Throughout “Dreams” there is
one type of figurative language that sets the tone for this part of the poem
and it is a metaphor. The first metaphor states “Hold fast to dreams/ for if
dreams die/ life is a broken-winged bird/ that cannot fly.” This compares dead
dreams to life as a broken-winged bird. It tells us that when dreams die off
life compares to a broken-winged bird that can’t fly. Which means that when
dreams die off life doesn’t move forward with new ideas, but stops advancing
and progressing.
The second metaphor of “Dreams”
is “Hold fast to dreams/ for when dreams go/ life is a barren field/ frozen with snow.” This time the
second metaphor in “Dreams” compares life without dreams to a barren field with
frozen snow instead of a broken-winged bird. The meaning of this metaphor is
that when dreams stop life freezes up and doesn’t progress with new ideas, but
instead the happiness in the world dies away.

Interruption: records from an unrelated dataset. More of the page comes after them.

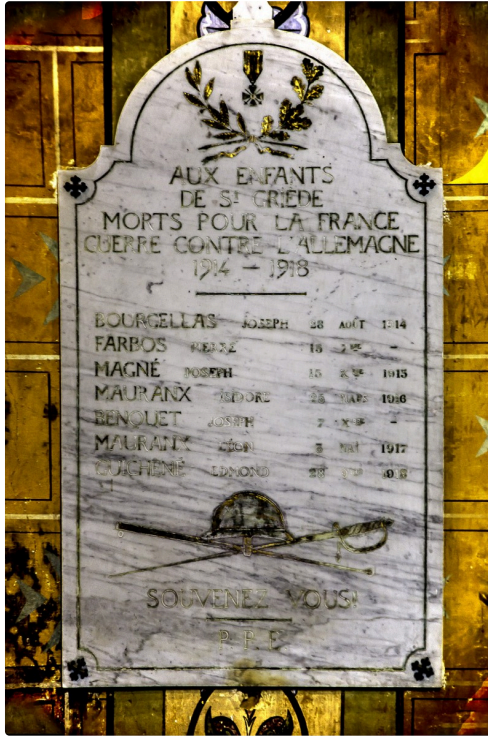
Plaque monumentaux morts de la "Guerre contre l'Allemagne" dans l'église et...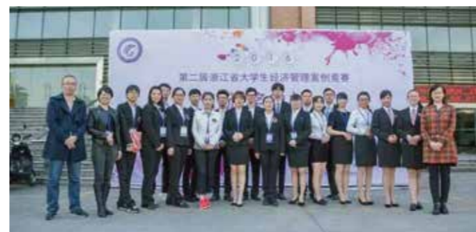
浙江省大学生经济管理案例大赛一等奖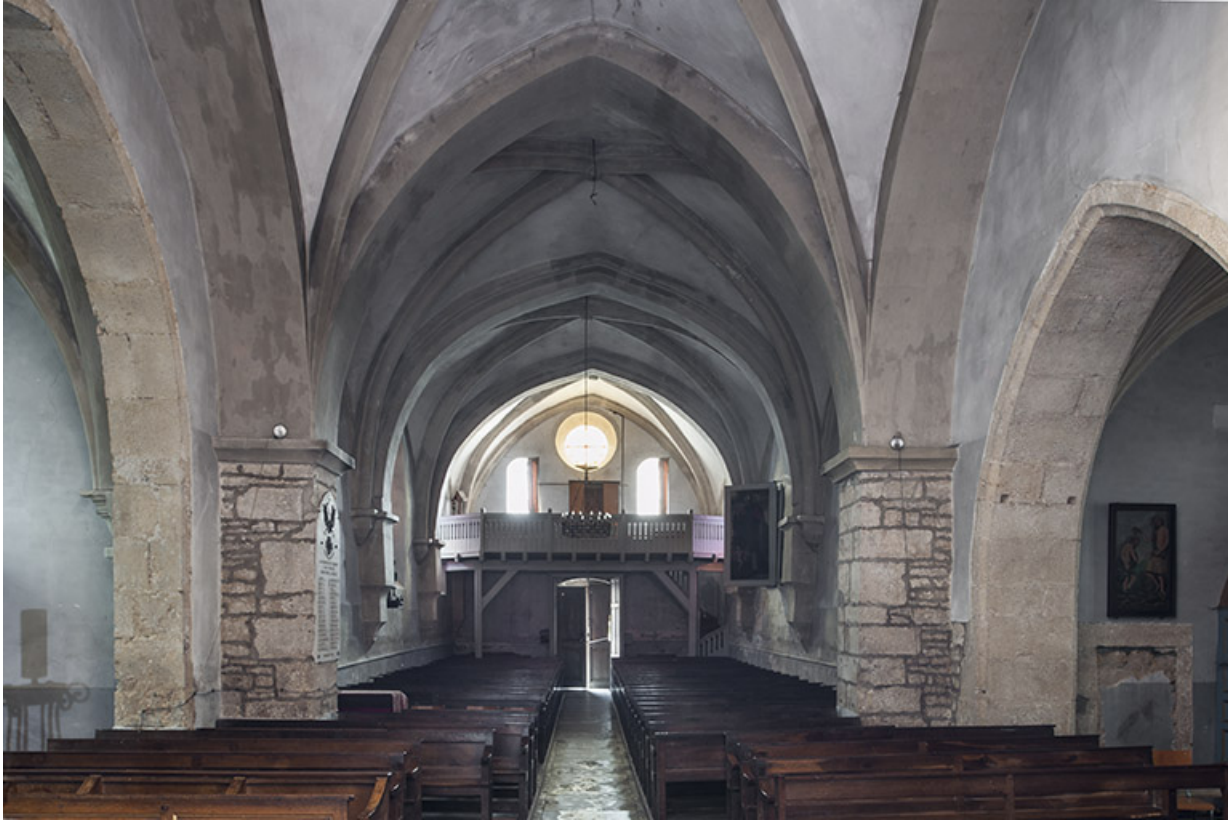
Vue intérieure depuis le chœur.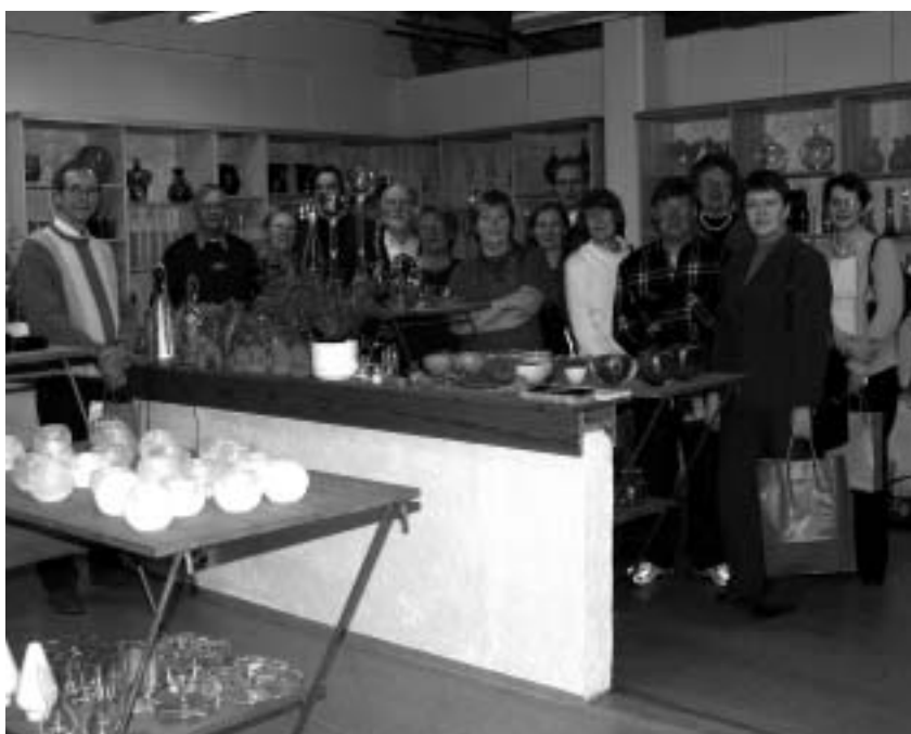
Vieraat myymälään sullottuna.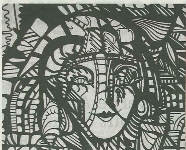
'U mom životu nema sive. Kod mene je sve u ekstremima', ističe Maja Vržina i objašnjava da su baš zbog toga njezine slike crno-bijele

ranja, dovodeći svoja djela do željene perfekcije, a sada željno iščekuje reakciju vanjskog svijeta. Uključujući kritiku, govori. Majin život, osim ekstremima, ispunjen je potragom.

The tone in “Dreams” makes me
feel sad and glum because of the way he uses his two metaphors in the poem. It
adds a sad tone because of how he compares life without dreams to a
broken-winged bird or a barren field frozen with snow. I think he compared life
without dreams to those two things because he wants people to know how sad and dreadful
life without dreams would be.
I believe that Langston
Hughes wrote this poem to emphasize his point of not giving up on dreams and to
not stop dreaming. He wants this because
he didn’t have an easy life when his parents separated and he had to live with
his mom’s mother. It got even worse when his grandma died and he had to move to
live with family, live with friends, and even live with James and Mary Reed. In
the end when times were tough he would read his books and dreamed that “…when people
suffered, they suffered in beautiful language, not in monosyllables, as we did
in Kansas".[IA1]
Overall Langston Hughes wants
us to dream and come up with new ideas because he knows when people do that the
world becomes flourished with happiness, not broken-winged birds. Also he uses
figurative language to make the poem sink in even more than without metaphors
and ripe words. In the end when Langston Hughes wrote “Dreams” if he wouldn’t
have used juicy word choice, and figurative language, this poem would be dull
and boring just like the world would be without dreams.
[IA1]His
life inspired him to write this poem, to keep people dreaming when times were
tough, and to not give up on dreams like he didn’t.